Here's my situation, I'm in my mid 40s, own a 2 family house and get $1400 a month from renting the first floor apartment. I just got a $200k inheritance. I already had $600k in tax deferred and $300k in after tax investments and $250k left to pay on the house. So I'm in a situation where I could just about retire, maybe do something part time. I hadn't considered paying off the mortgage until I got my inheritance and as I believe that the markets my be more "bear than bull" for a couple of years would it be best to pay off the mortgage now?


As I recall from the last go-around, many of us concluded that unless your mortgage rate is extremely high or low, It will not matter much financially whether you pay it off or continue to make payments. Because of this, the key determiner seems to be how it will make you feel.

So, how would you feel if you paid off your mortgage?

The markets being bullish or bearish is of minimal significance in this decision.
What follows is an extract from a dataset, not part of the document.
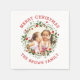 Red Joyeux Noël et couronne fleurie de fêtes de papier photo de jour férié. Personnalisez avec votre propre photo et texte.

You can shift to a more conservative AA if you choose, whether you pay off the mortgage or not.
 
I dont agree with any of that.

But I had been satisfied to have the OP pointed to a handful of posts where all of this has been hashed and rehashed.
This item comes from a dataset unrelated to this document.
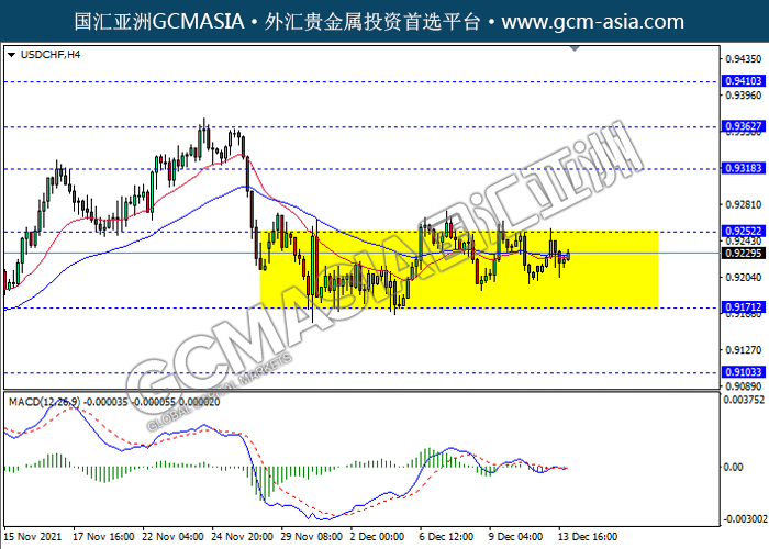 20211214 USDCHF-午间 by keyk | Dec 14, 2021 | 美元兑瑞士法郎 | 0 comments USDCHF,H4: 美瑞仍区间震荡交易。MACD缺乏动能和清晰方向,建议等更明确信号出现才进入市场。上方关注0.9250压力和0.9320压力,下方关注0.9170支撑和0.9105支撑。

The key determiner seems to be whether you feel you can ride out a long term bear market to gain a small gain by investing the mortgage money, and whether one is willing to shift to a more conservative (or aggressive) AA to accommodate the income needs and volatility issues a larger portfolio and larger spending profile bring about.

How I feel about it is irrelevant.
 
It must be just a coincidence that this Dilbert ran today.

1. Do your annual expenses (both with the mortgage and without it) add up to less than 4% of the portfolio (both with the mortgage assets and without them)?

2. Will you sleep well at night?

3. Have you slogged through these threads?
http://www.early-retirement.org/forums/f47/should-i-pay-off-mortgage-invest-money-30644.html
.
.

Love the Dilbert, Yes I've read the previous dead horses, so I know the arguments pro and con. I was wondering what people thought of mortage pay off in light of my age, 46, my 80/20 allocation (I hope to live a long time) and that I may be retiring into a bear market.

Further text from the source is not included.